**What to work on:**
Leaving the pictures aside, return all of the data below exactly.

**Dataset extract:**

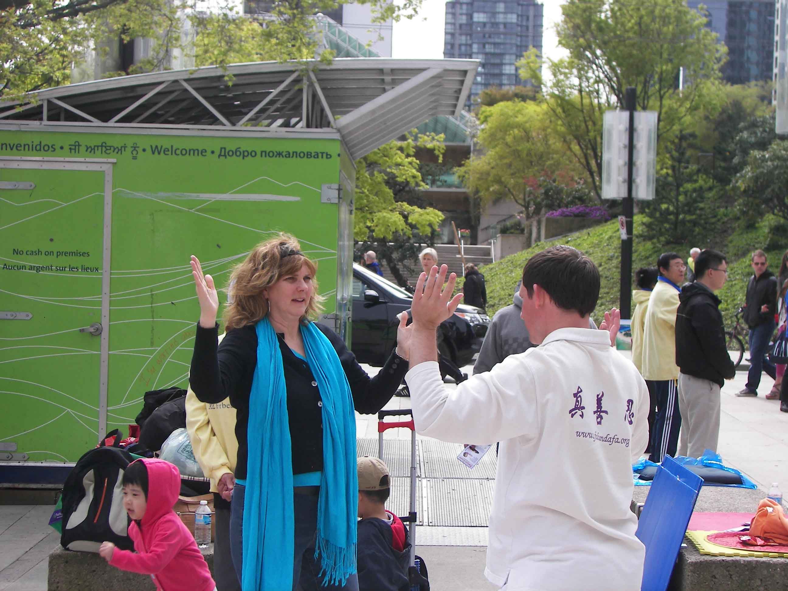 听完学员介绍,路人现场就开始学炼法轮功 |
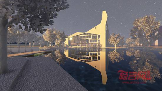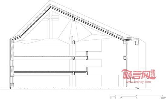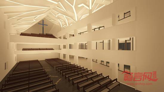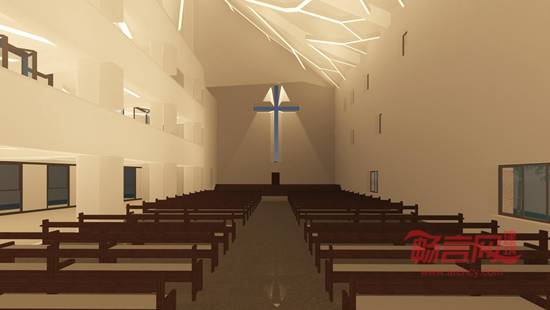 教堂西侧为一个景观公园和一个湖区,故在教堂西面公共空间使用双层玻璃墙完全打开,使得西侧景观面视线通透,将景观引入到教堂聚会厅内部。教堂的内部空间尽可能满足聚会空间的最大化,以便能够容纳教会的大量聚会人群及今后会增加的人群。
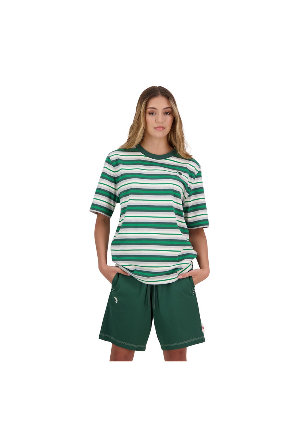 An Oversized Tee, Made From 100% Organic Cotton. Timeless Styles In Organic Cotton, Re-Worked For Today. Pair With The Heritage Knit Short To Complete Your Look. The Heritage Yarn Dye T-Shirt Is Part Of The Heritage Line By Canterbury Of New Zealand. Heritage. Pass It Down The Line. Oversized Fit Crew Neck Tee Yarn Dye Multi Colour Stripes Embroidered Kiwi Logo On Right Sleeve And Herringbone Side Seam Ccc Branding

**Task solution:**
 听完学员介绍,路人现场就开始学炼法轮功 |
 教堂西侧为一个景观公园和一个湖区,故在教堂西面公共空间使用双层玻璃墙完全打开,使得西侧景观面视线通透,将景观引入到教堂聚会厅内部。教堂的内部空间尽可能满足聚会空间的最大化,以便能够容纳教会的大量聚会人群及今后会增加的人群。
 An Oversized Tee, Made From 100% Organic Cotton. Timeless Styles In Organic Cotton, Re-Worked For Today. Pair With The Heritage Knit Short To Complete Your Look. The Heritage Yarn Dye T-Shirt Is Part Of The Heritage Line By Canterbury Of New Zealand. Heritage. Pass It Down The Line. Oversized Fit Crew Neck Tee Yarn Dye Multi Colour Stripes Embroidered Kiwi Logo On Right Sleeve And Herringbone Side Seam Ccc Branding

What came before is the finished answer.